First detailed ALMA observations of cold gas in a LLAGN showing the disappearance of a dense molecular torus compared to luminous Seyferts.

Findings

No dense, compact torus detected in NGC 1097.

The gas mass of the torus is significantly less than in NGC 1068.

NGC 1097 hosts a geometrically thinner torus.

Abstract

We used the Atacama Large Millimeter/submillimeter Array (ALMA) to map the CO(3-2) and the underlying continuum emissions around the type 1 low-luminosity active galactic nucleus (LLAGN; bolometric luminosity $\lesssim 10^{42}$ erg~s$^{-1}$) of NGC 1097 at $\sim 10$ pc resolution.

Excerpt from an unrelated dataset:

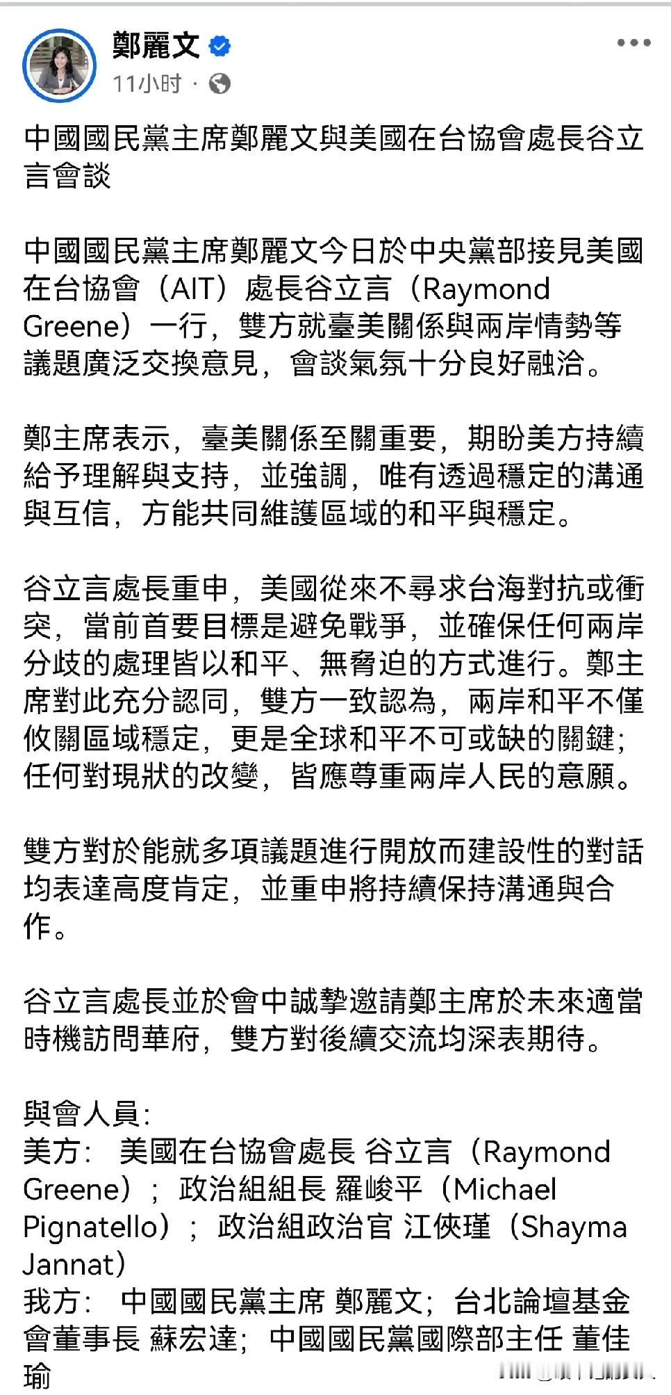 看看,国民党主席郑丽文与美国在台协会(AIT)处长谷立言3对3的会谈成果(图二),还行吧?感觉美国这位谷处长的讲话,也是四平八稳滴!

These observations revealed a detailed cold gas distribution within a $\sim 100$ pc of this LLAGN. In contrast to the luminous Seyfert galaxy NGC 1068, where a $\sim 7$ pc cold molecular torus was recently revealed, a distinctively dense and compact torus is missing in our CO(3-2) integrated intensity map of NGC 1097. Based on the CO(3-2) flux, the gas mass of the torus of NGC 1097 would be a factor of $\gtrsim 2-3$ less than that found for NGC 1068 by using the same CO-to-H$_2$ conversion factor, which implies less active nuclear star formation and/or inflows in NGC 1097. Our dynamical modeling of the CO(3-2) velocity field implies that the cold molecular gas is concentrated in a thin layer as compared to the hot gas traced by the 2.12 $\mu$m H$_2$ emission in and around the torus. Furthermore, we suggest that NGC 1097 hosts a geometrically thinner torus than NGC 1068. Although the physical origin of the torus thickness remains unclear, our observations support a theoretical prediction that geometrically thick tori with high opacity will become deficient as AGNs evolve from luminous Seyferts to LLAGNs.